Wednesday, March 27, 2013

The Unexpected

               I had a recent low that scared me quite a bit because I could actually some what feel it. Duchess had alerted pretty early I think around 40 minutes before while I was at work. I did test at the time I was 121. So I knew I would check back in a bit to see where I was at but I got distracted.

              I was writing up emails I needed to finish and then Duchess re-alerted but I told her I would check shortly. She sat really close to me as she does when she knows it will go low. I did have one roll of smarties to try and avoid going low but I guess it was moving down faster than I thought.

               I continued to work on my emails when my hands started to shake and my heart was speeding up. I have not felt this in several years and it sent me into a complete panic because I was really thrown off. Duchess kept bumping my arm basically telling me I need to do something now.

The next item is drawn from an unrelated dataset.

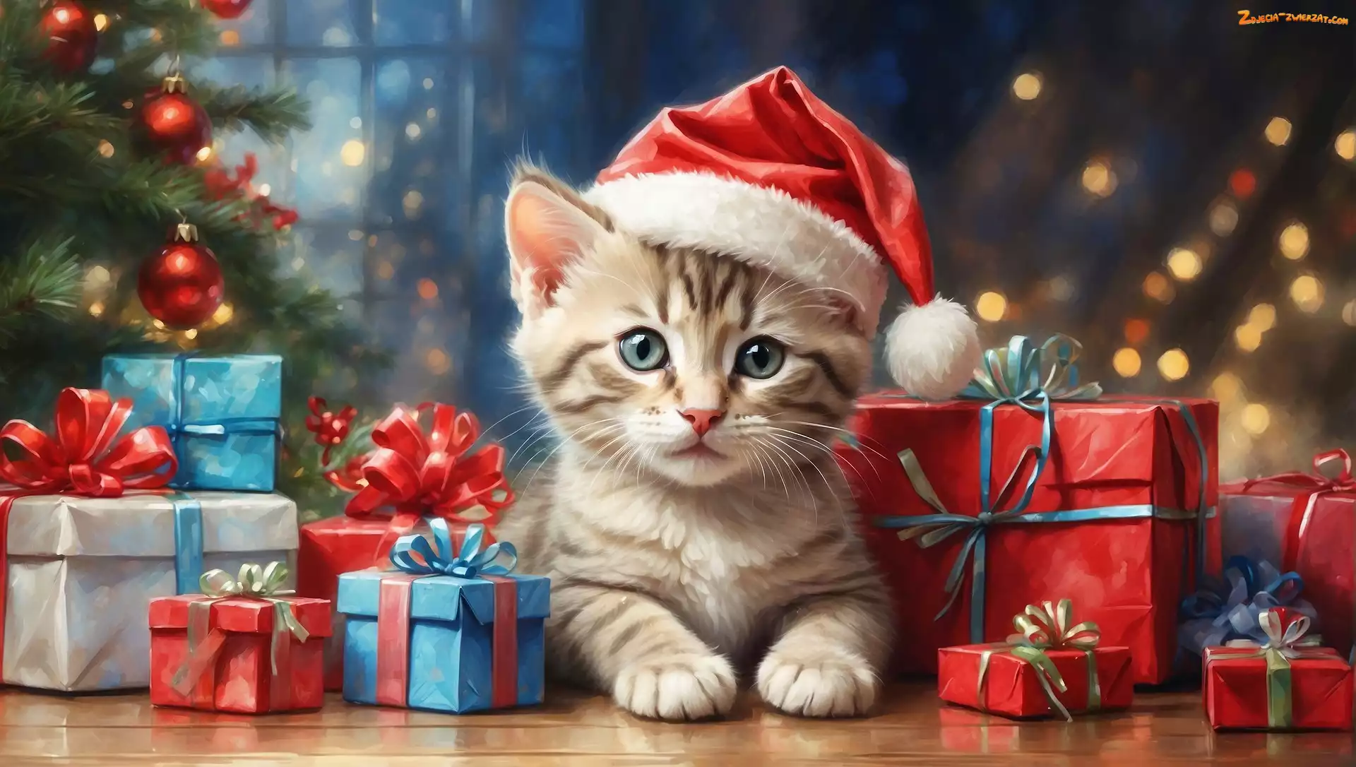 Zdjęcie: Choinka, Prezenty, 2D, Boże Narodzenie, Kotek

                The shaking was really difficult to handle I was trembling in fear because when you lose the feeling the lows are different they can be scary but they are different. I find lows when you hypoglycemia unawareness are easier to ignore because there is usually not a faster heartbeat there is no sweating, shaking or hunger like I used to have. The only thing that might be noticeable is mood changes which actually are much worse with my hypoglycemia unawareness. The shaking really rattled me because it is really quite unfamiliar these days. Even Duchess was freaked out by it she watching my hands shake.

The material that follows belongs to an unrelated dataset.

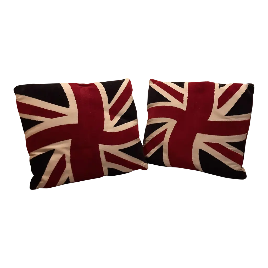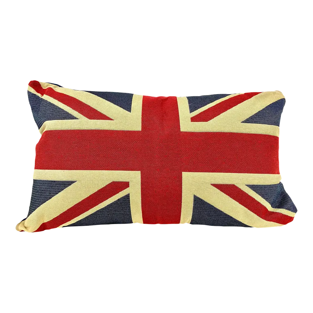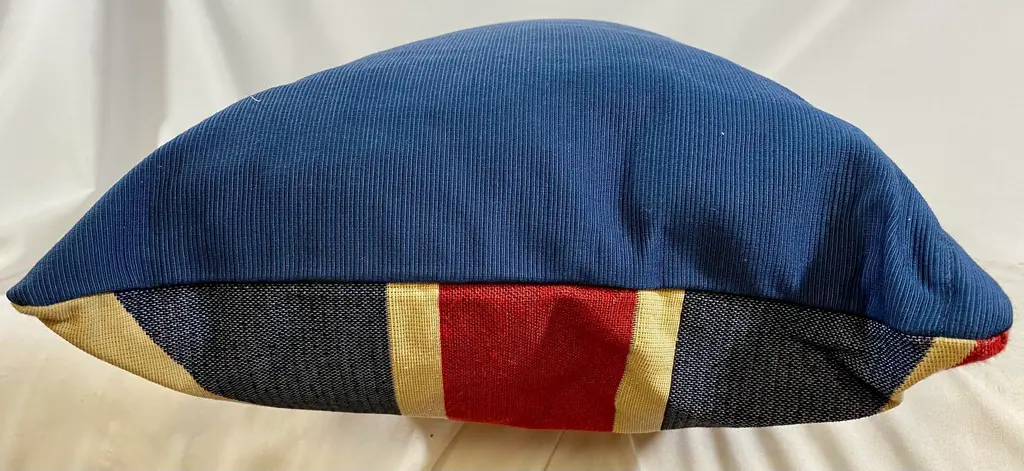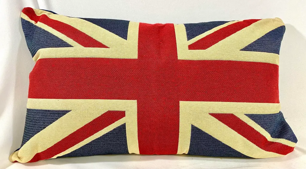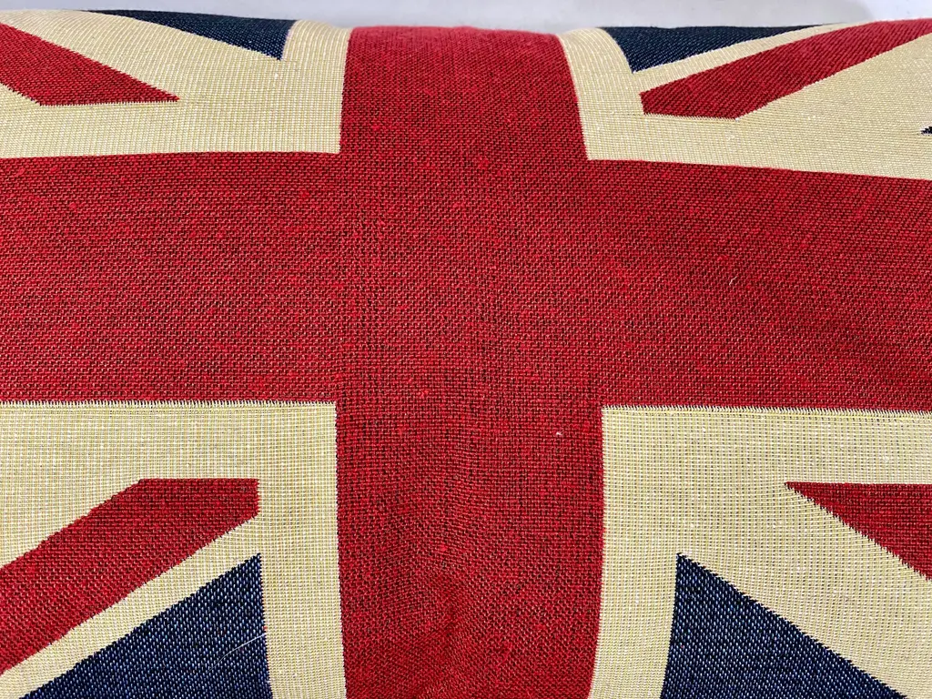Large British Union Jack Flag Bolster Pillow With Insert - Made in U K What a great way to get into the spirit of the King’s Coronation!!! Bring a bit of England into your own home. This playful British Union Jack Flag bolster pillow was made in Wales, UK., by a small cottage designer/manufacturer owned by a lovely couple. This pillow is new and has not been used. Dry clean only. Pillows are sold only with insert.

                 I tested and it was 52 and I quickly treated my low with smarties. I know I could not wait for the shaking to stop and my heartbeat to slow. I had juice at my desk and I almost drank that instead. I think when I am low I go back to my old routine when I was young of having a juice box to treat my lows it can be oddly comforting. It is so strange how for so many years I would handle all the symptoms pretty well but once I get away from it how much more scary it can be.